- **YOUR INSTRUCTIONS**
Everything in the data below except the pictures must be repeated word for word.

- **EXCERPTED DATA**
+---+
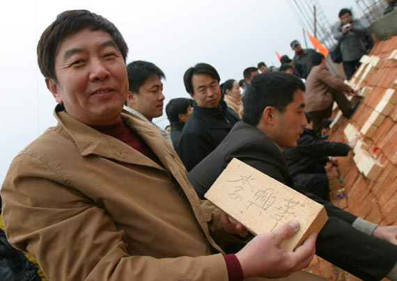 ↑党代表们把刻有自己签名的钢砖拼出“开工大典”四个大字,表示要为学院建设添砖加瓦。
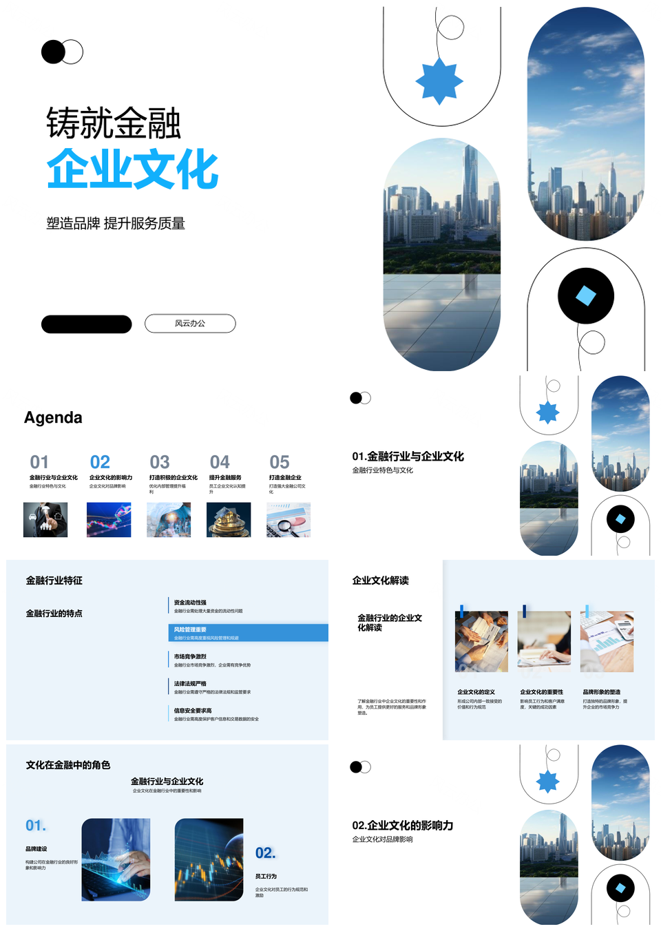风云办公提供的金融企业文化塑品牌优服务提满意PPT模板,下载格式为pptx,一共23页,作品中文字及图均可以修改和编辑,图片更改请在作品中右键图片并更换,文字修改请直接点击文字进行修改。
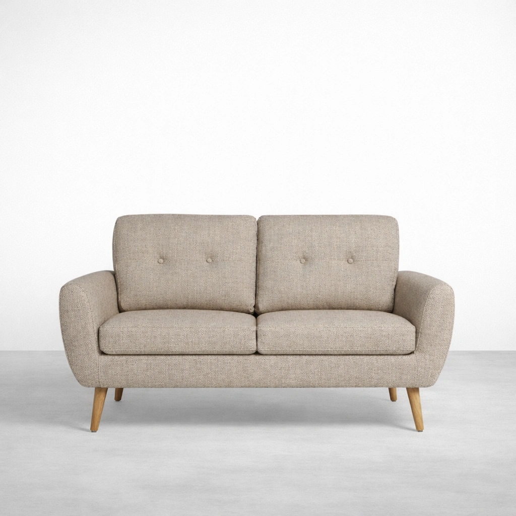 The INTERIORZE Soren beige 2 seater sofa is designed for homes that want comfort with a calm, modern look. The gently rounded arms soften the silhouette, while the button-tufted back cushions add a subtle detail without feeling formal. Its warm oat-beige upholstery blends easily with wood, neutral palettes, and simple interiors, making it a dependable choice for everyday seating.
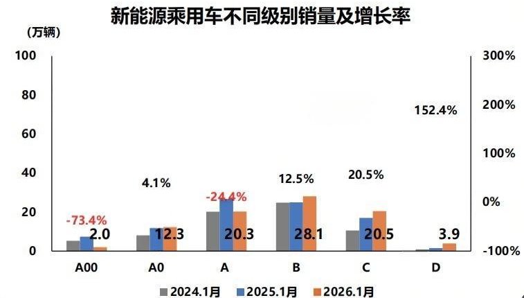 《每日经济新闻》记者查阅发现,1月,新能源乘用车中仅有A00级和A级车的销量出现下滑,其他级别车型销量皆呈现不同幅度的上涨。
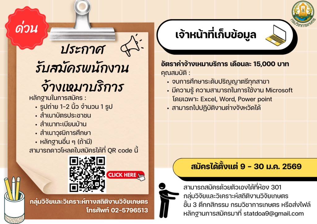 Posted on 10/02/256610/02/2023 by กลุ่มระบบวิจัย รับสมัครคัดเลือกเพื่อบรรจุและแต่งตั้งบุคคลเป็นลูกจ้างชั่วคราวรายเดือน จากเงินนอกงบประมาณประเภทเงินรายได้ ตำแหน่งนักวิชาการเกษตรDownload
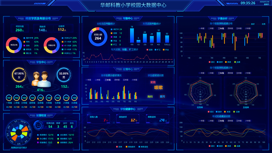 教师、学生在校情况全面展示,提高领导监督管理能力。
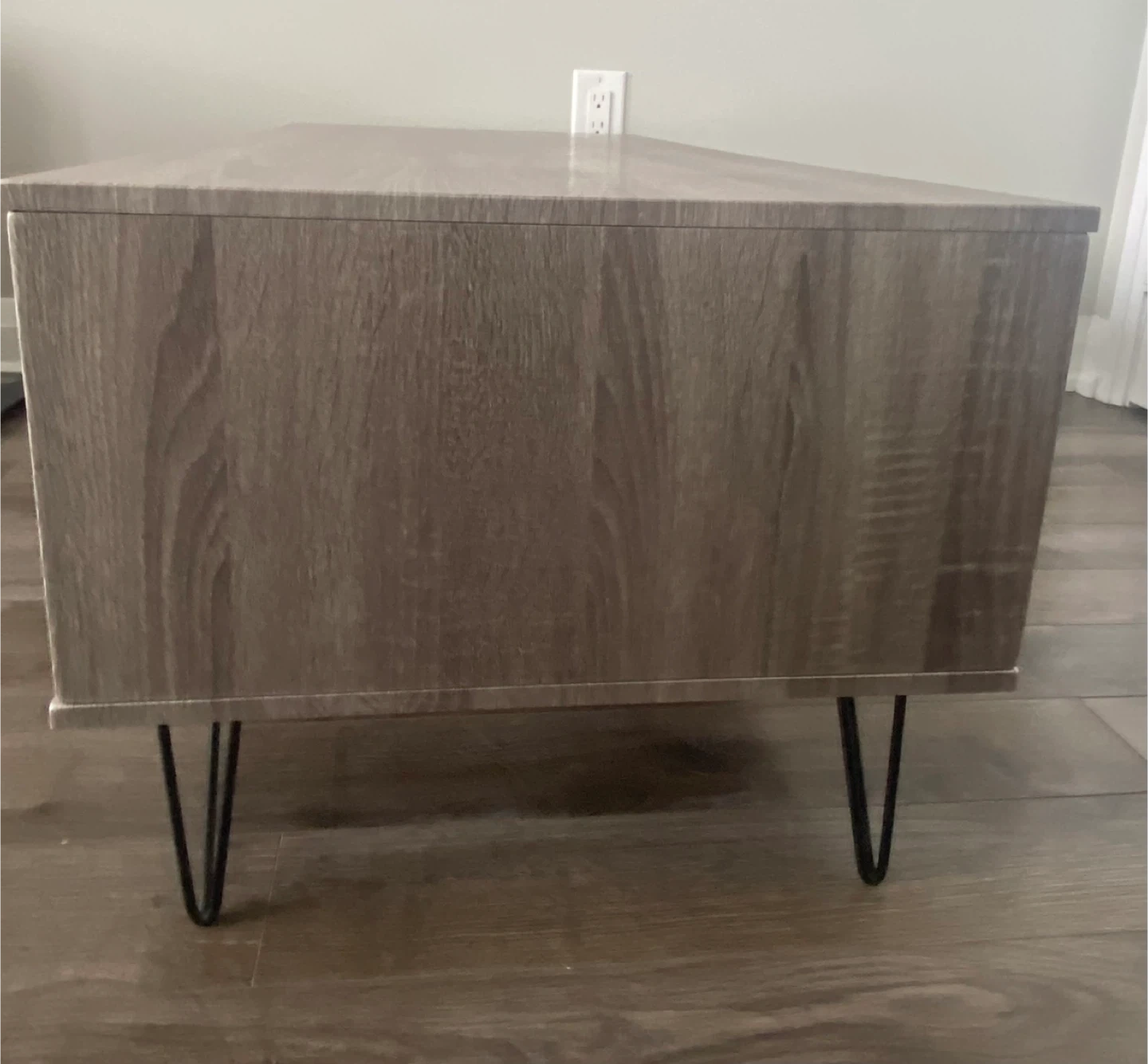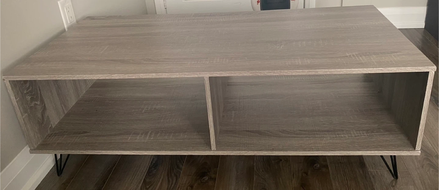 This coffee table has a modern, minimalist design with a wood-grain finish. It features two open storage compartments, perfect for books or decor. The table rests on black hairpin legs for a stylish look.
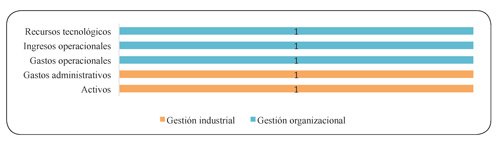 En cuanto a las variables de entrada (gráfica 30), recursos tecnológicos y activos influyen en la eficiencia de este tipo de empresas. Por lo que permite concluir que orientan su eficiencia hacia determinadas variables, como son el uso de redes, los activos y otras; hacia la variable personal; reflejando la preocupación por cumplir con la carga laboral y pensional (Gutiérrez, 2007).
+---+
- **RESULT OF THIS TASK**
 ↑党代表们把刻有自己签名的钢砖拼出“开工大典”四个大字,表示要为学院建设添砖加瓦。
风云办公提供的金融企业文化塑品牌优服务提满意PPT模板,下载格式为pptx,一共23页,作品中文字及图均可以修改和编辑,图片更改请在作品中右键图片并更换,文字修改请直接点击文字进行修改。
 The INTERIORZE Soren beige 2 seater sofa is designed for homes that want comfort with a calm, modern look. The gently rounded arms soften the silhouette, while the button-tufted back cushions add a subtle detail without feeling formal. Its warm oat-beige upholstery blends easily with wood, neutral palettes, and simple interiors, making it a dependable choice for everyday seating.
 《每日经济新闻》记者查阅发现,1月,新能源乘用车中仅有A00级和A级车的销量出现下滑,其他级别车型销量皆呈现不同幅度的上涨。
 Posted on 10/02/256610/02/2023 by กลุ่มระบบวิจัย รับสมัครคัดเลือกเพื่อบรรจุและแต่งตั้งบุคคลเป็นลูกจ้างชั่วคราวรายเดือน จากเงินนอกงบประมาณประเภทเงินรายได้ ตำแหน่งนักวิชาการเกษตรDownload
 教师、学生在校情况全面展示,提高领导监督管理能力。
 This coffee table has a modern, minimalist design with a wood-grain finish. It features two open storage compartments, perfect for books or decor. The table rests on black hairpin legs for a stylish look.
 En cuanto a las variables de entrada (gráfica 30), recursos tecnológicos y activos influyen en la eficiencia de este tipo de empresas. Por lo que permite concluir que orientan su eficiencia hacia determinadas variables, como son el uso de redes, los activos y otras; hacia la variable personal; reflejando la preocupación por cumplir con la carga laboral y pensional (Gutiérrez, 2007).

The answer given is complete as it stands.